Data:
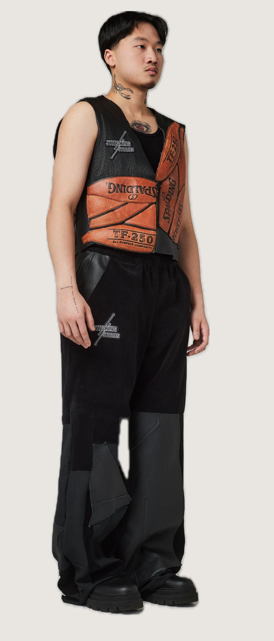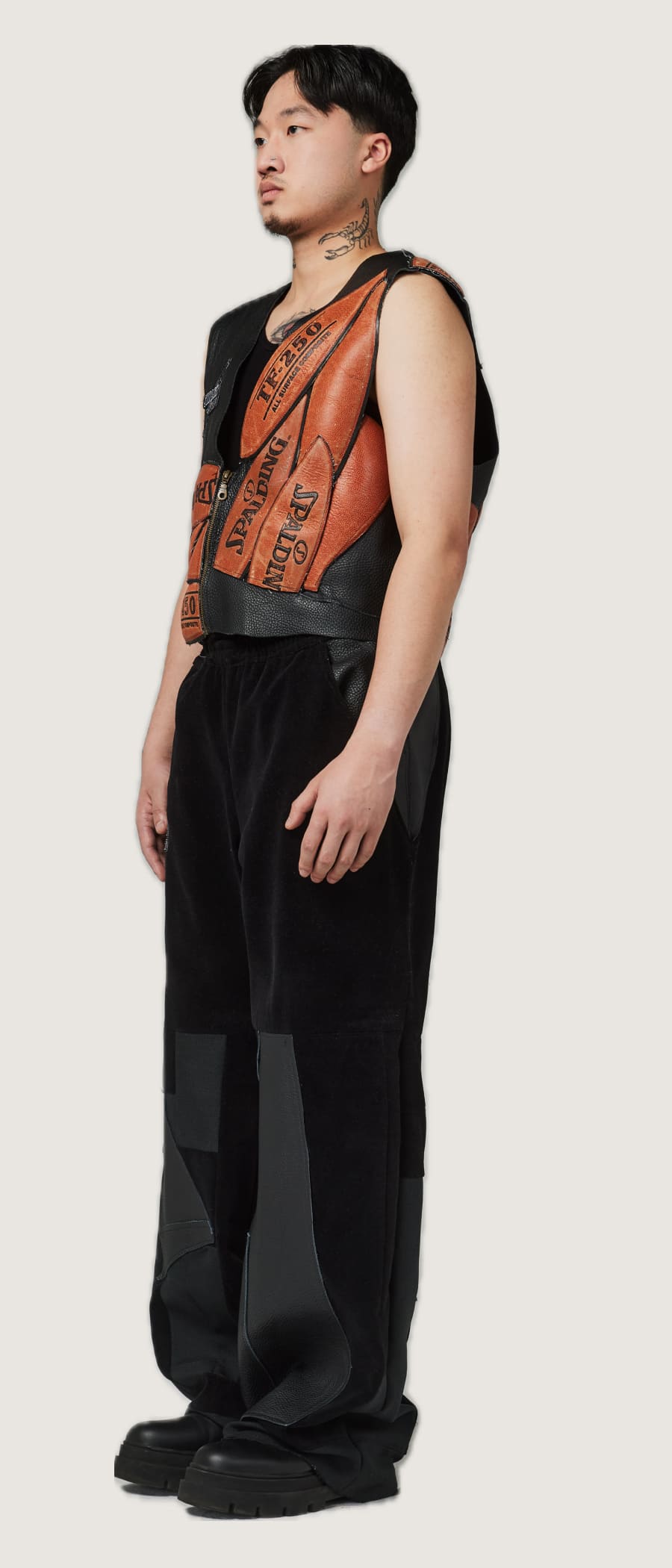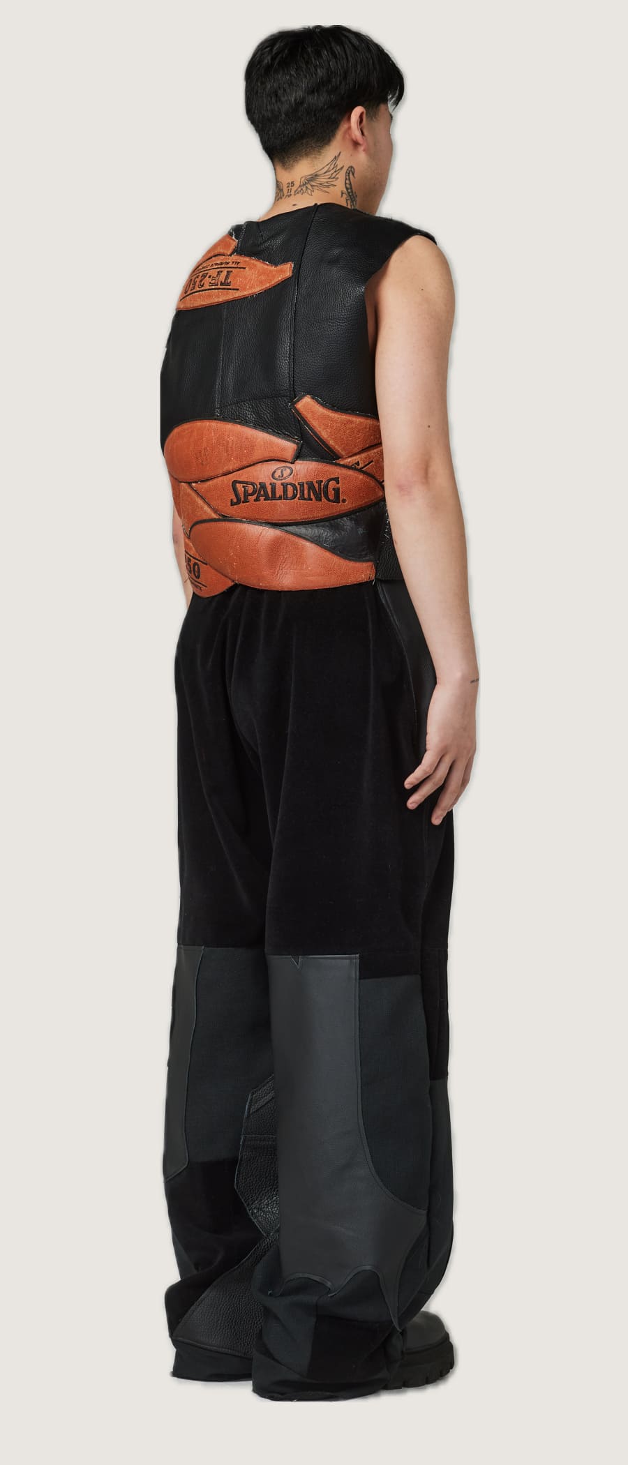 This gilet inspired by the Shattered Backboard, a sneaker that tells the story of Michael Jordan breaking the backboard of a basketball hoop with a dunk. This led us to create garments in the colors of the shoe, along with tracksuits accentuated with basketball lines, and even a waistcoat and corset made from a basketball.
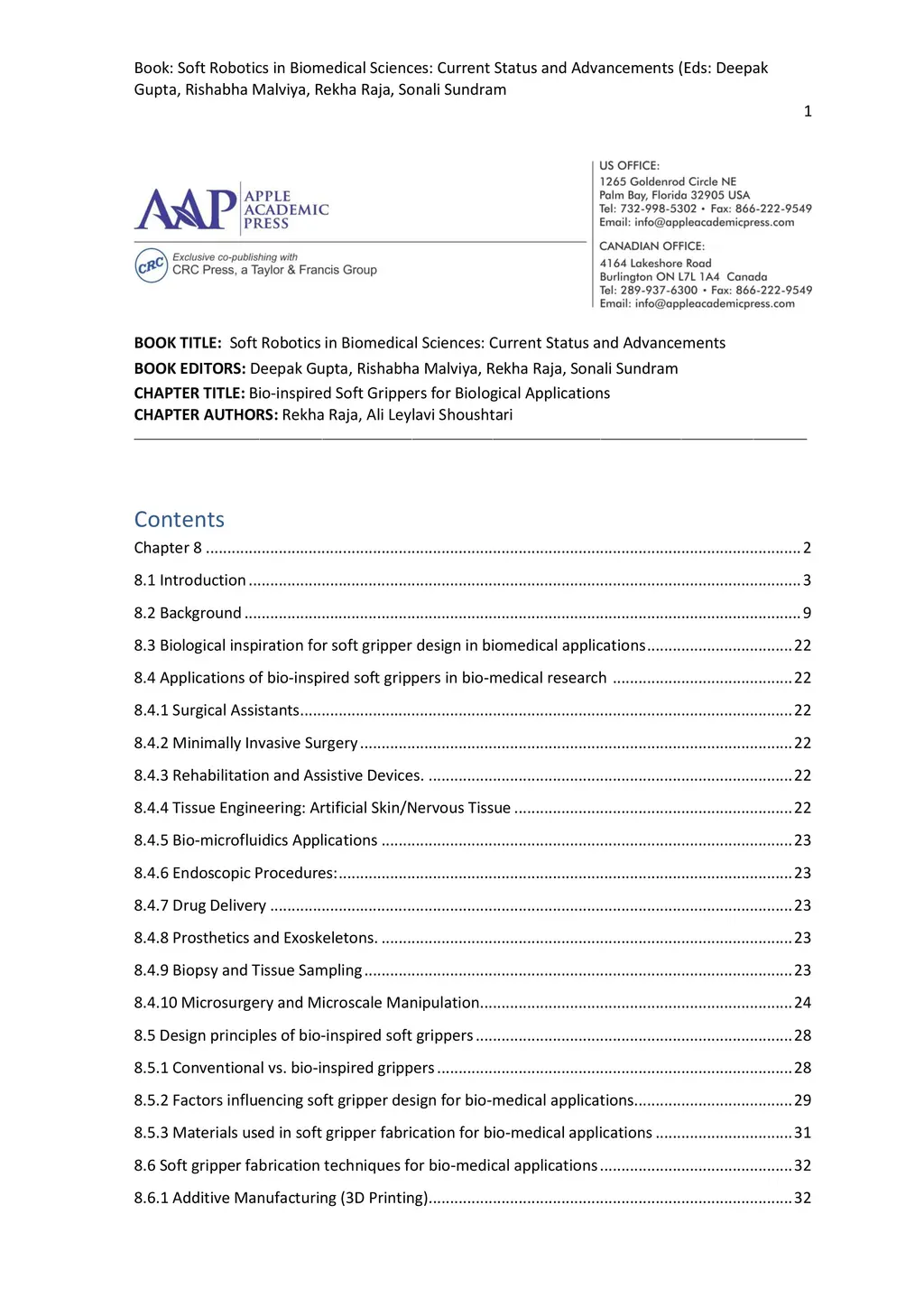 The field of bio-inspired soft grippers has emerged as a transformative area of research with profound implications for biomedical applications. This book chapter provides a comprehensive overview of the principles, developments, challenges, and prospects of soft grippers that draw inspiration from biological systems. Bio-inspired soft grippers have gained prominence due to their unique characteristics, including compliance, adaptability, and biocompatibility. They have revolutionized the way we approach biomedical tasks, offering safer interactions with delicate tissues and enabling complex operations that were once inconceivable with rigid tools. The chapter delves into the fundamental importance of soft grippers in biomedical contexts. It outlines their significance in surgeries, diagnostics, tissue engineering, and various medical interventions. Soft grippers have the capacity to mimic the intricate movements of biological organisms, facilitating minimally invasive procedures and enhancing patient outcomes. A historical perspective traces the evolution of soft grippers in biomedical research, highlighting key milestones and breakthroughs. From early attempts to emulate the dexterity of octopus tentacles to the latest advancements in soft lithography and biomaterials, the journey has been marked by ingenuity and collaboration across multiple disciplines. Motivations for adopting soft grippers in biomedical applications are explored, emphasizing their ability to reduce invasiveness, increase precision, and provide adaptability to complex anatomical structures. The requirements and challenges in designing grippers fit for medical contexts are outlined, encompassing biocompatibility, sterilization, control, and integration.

--

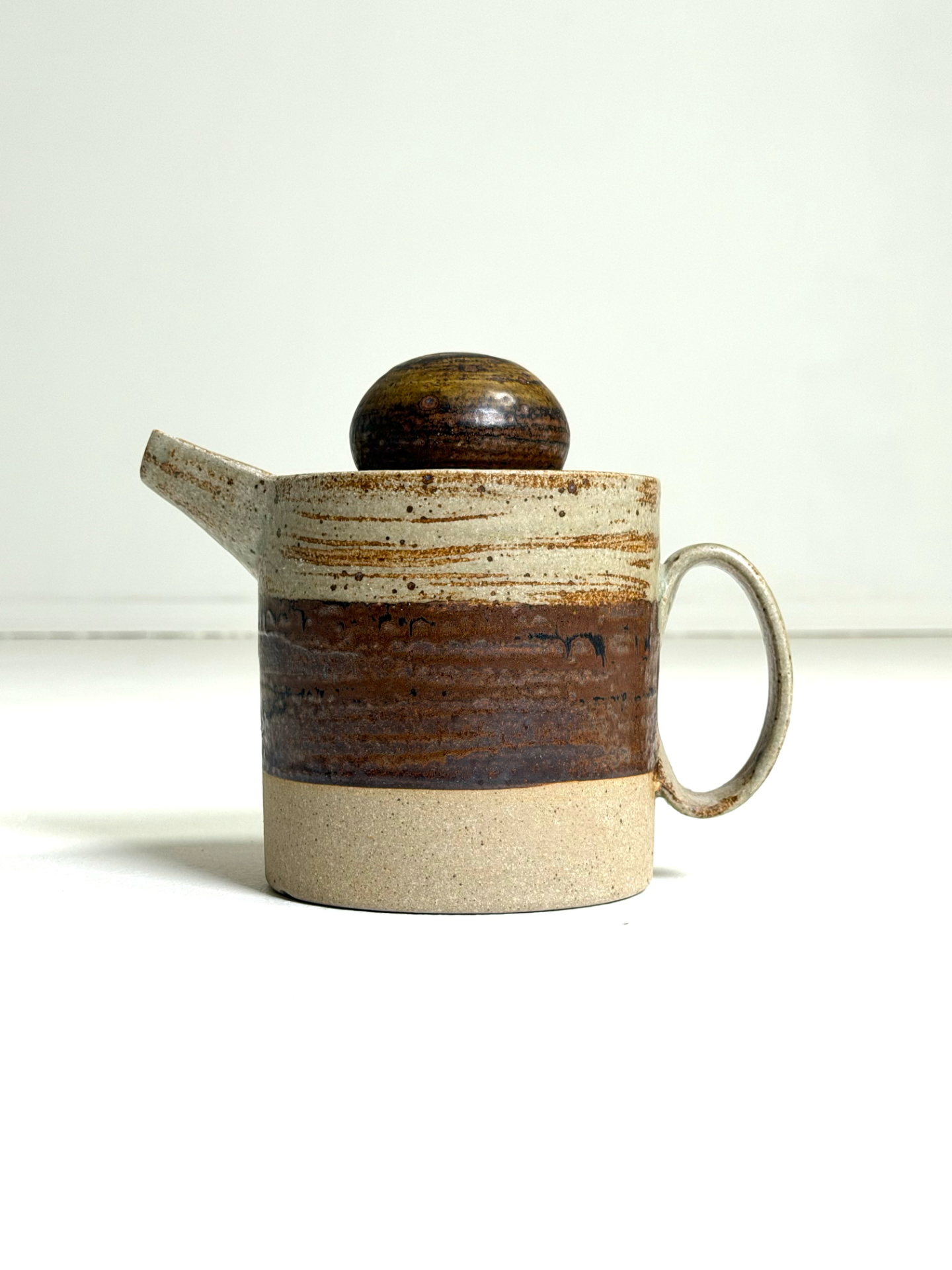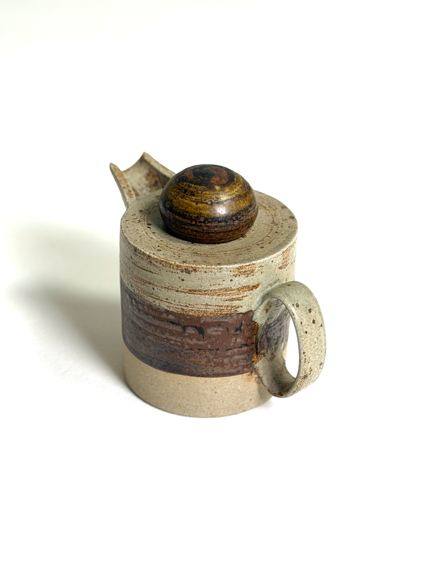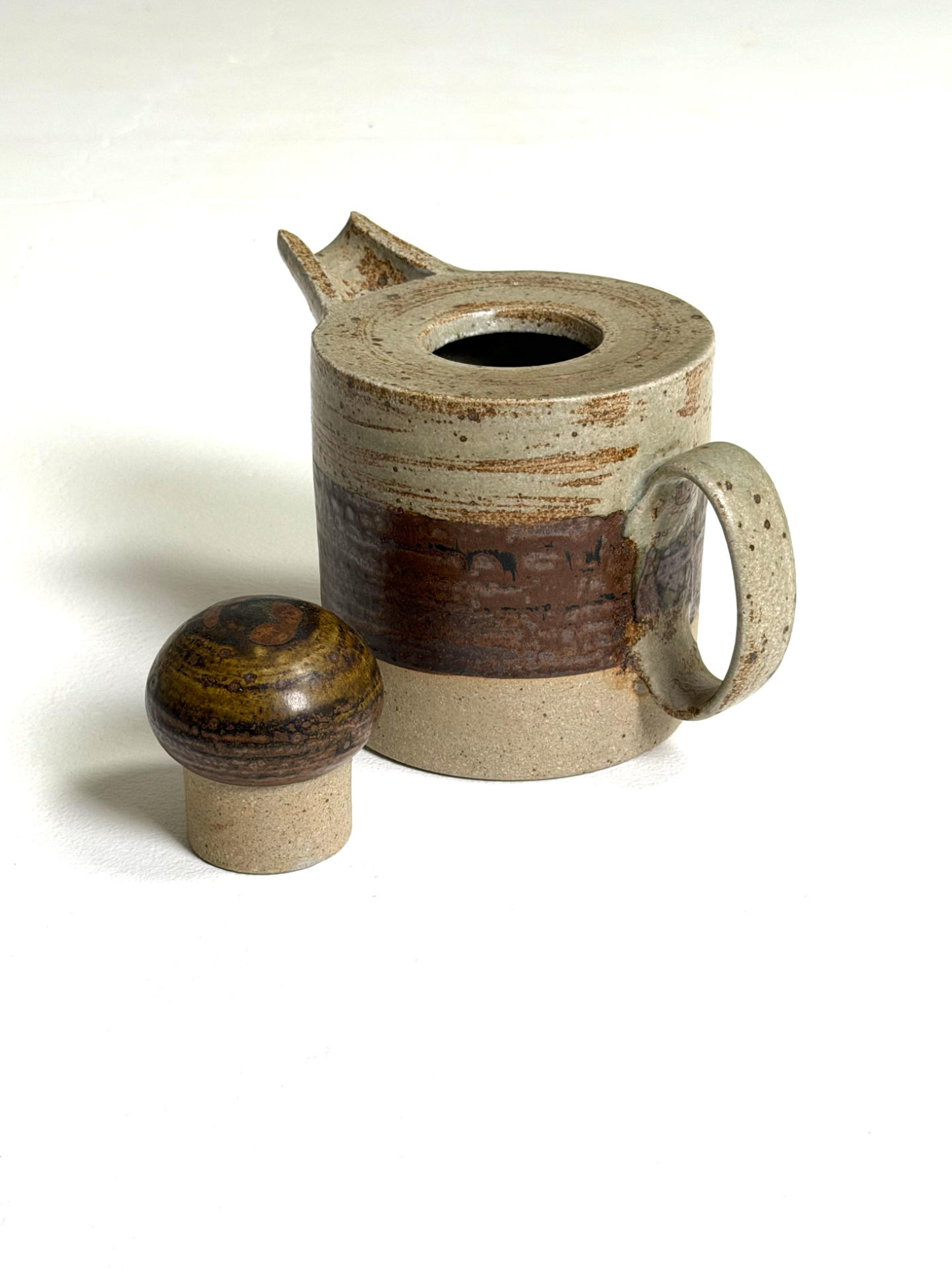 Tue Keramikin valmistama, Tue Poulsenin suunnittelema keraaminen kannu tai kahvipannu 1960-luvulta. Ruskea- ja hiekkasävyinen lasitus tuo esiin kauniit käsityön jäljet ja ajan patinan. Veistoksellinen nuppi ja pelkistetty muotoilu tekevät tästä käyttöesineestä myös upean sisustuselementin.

Prompt:
From the records above, output only the lines starting at the one containing "This gilet inspired" and ending at the one containing "The field of", word for word. Pictures stay out.

Finished task:
 This gilet inspired by the Shattered Backboard, a sneaker that tells the story of Michael Jordan breaking the backboard of a basketball hoop with a dunk. This led us to create garments in the colors of the shoe, along with tracksuits accentuated with basketball lines, and even a waistcoat and corset made from a basketball.
 The field of bio-inspired soft grippers has emerged as a transformative area of research with profound implications for biomedical applications. This book chapter provides a comprehensive overview of the principles, developments, challenges, and prospects of soft grippers that draw inspiration from biological systems. Bio-inspired soft grippers have gained prominence due to their unique characteristics, including compliance, adaptability, and biocompatibility. They have revolutionized the way we approach biomedical tasks, offering safer interactions with delicate tissues and enabling complex operations that were once inconceivable with rigid tools. The chapter delves into the fundamental importance of soft grippers in biomedical contexts. It outlines their significance in surgeries, diagnostics, tissue engineering, and various medical interventions. Soft grippers have the capacity to mimic the intricate movements of biological organisms, facilitating minimally invasive procedures and enhancing patient outcomes. A historical perspective traces the evolution of soft grippers in biomedical research, highlighting key milestones and breakthroughs. From early attempts to emulate the dexterity of octopus tentacles to the latest advancements in soft lithography and biomaterials, the journey has been marked by ingenuity and collaboration across multiple disciplines. Motivations for adopting soft grippers in biomedical applications are explored, emphasizing their ability to reduce invasiveness, increase precision, and provide adaptability to complex anatomical structures. The requirements and challenges in designing grippers fit for medical contexts are outlined, encompassing biocompatibility, sterilization, control, and integration.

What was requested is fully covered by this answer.